Phoenix was once the fastest-growing big city in America. It was a place to go. Now it's a place to leave.

The other side of the Arizona immigration story? That hasn't been told much. (Getty Images)  
The other side of the Arizona immigration story? That hasn't been told much. (Getty Images)  
But you're not hearing that part of the story. You're not hearing about the creeping third-world kudzu spreading into Phoenix and throughout Arizona. Nope. You're hearing about the nerve -- the nerve -- of lawmakers and law-enforcers in Arizona who want to get a handle on their state before it spins out of control.

And so you're hearing about the role of baseball in this story. You're hearing about fans in Chicago, who are 1,804 ignorantly blissful miles from Phoenix and are boycotting the Arizona Diamondbacks when the Diamondbacks come to town to play the Cubs. And you're hearing about the role Major League Baseball should play, considering the 2011 All-Star Game is set for Phoenix. You're hearing that MLB should move the game, because baseball is nearly 30 percent Hispanic and out of respect to Hanley Ramirez and Albert Pujols and Alex Rodriguez, the game cannot be held in an unreasonable place that would demand that every member of its population be in this country legally.

What if Miguel Cabrera is walking to the ballpark and gets deported because he doesn't have his papers?!??

That's what you're hearing.
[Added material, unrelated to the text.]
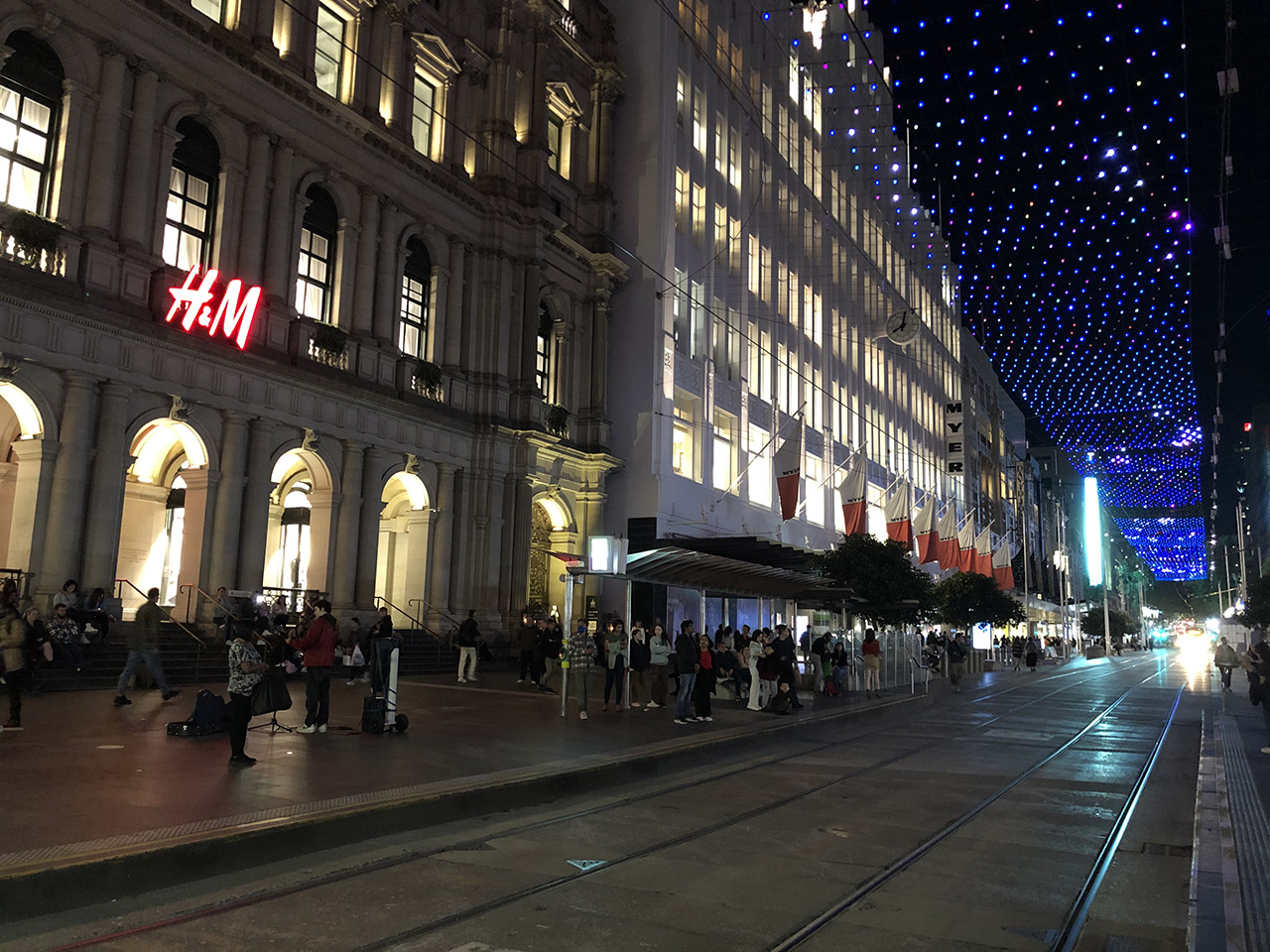 엘리자베스 스트릿에서는 저녁이 되면 버스킹 공연도 펼쳐집니다. 저도 버스킹 공연을 구경하느라 거의 20분은 앉아 있었던 거 같은데요. 멜버른에서의 마지막 밤인 만큼 뭔가 뭉클한 기분도 들었습니다.

It's not hysterical, because this is no laughing matter, but it is hysteria. One day it'll be a movie starring Nicolas Cage: Boycotting Arizona.
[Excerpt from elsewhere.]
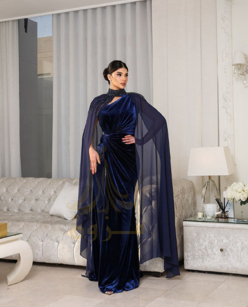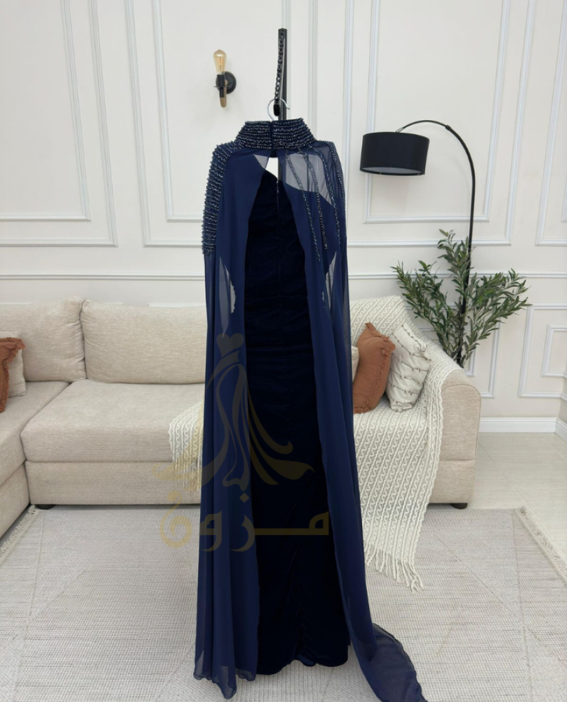 - الكاب كاب متصل من قماش الشيفون أو التول بلون كحلي مطابق، ينسدل بأناقة من الأكتاف ليضفي لمسة ملكية ودرامية.

In the meantime you're hearing about Arizona Senate Bill 1070, signed into practice April 23, which allows police in that state to use "reasonable suspicion" to question or detain possible illegal immigrants. This needn't be a sports story, no, but it has become one. The Phoenix Suns wore "Los Suns" on their jersey for Game 2 against San Antonio in support of the Hispanic community. Grandstanding activists Al Sharpton and Jesse Jackson have urged MLB commissioner Bud Selig to move the 2011 All-Star Game, and in lieu of that, 2011 All-Stars are being asked by no less a moral authority than The New York Times to come down with a case of the "Arizona flu" rather than play in that All-Star Game.

Of course, that article in the Times was written by an elderly gentleman who lives in an exclusive part of Long Island and won't have to come within 1,000 miles of the third-world violence that escalates by the day in Phoenix. It's easy for George Vecsey, and for people like him, to urge MLB players and other rich athletes to make a stand against Arizona's immigration law when people like Vecsey, and most of those rich athletes, aren't the ones trying to live there.

See, this story isn't as simple as the media and athletes, even thoughtful athletes like Suns players Steve Nash and Grant Hill, would have you believe. From the viewpoint of their gated communities, sure, the new immigration law might look like "an injustice" in Hill's eyes, and like "racism" to Nash.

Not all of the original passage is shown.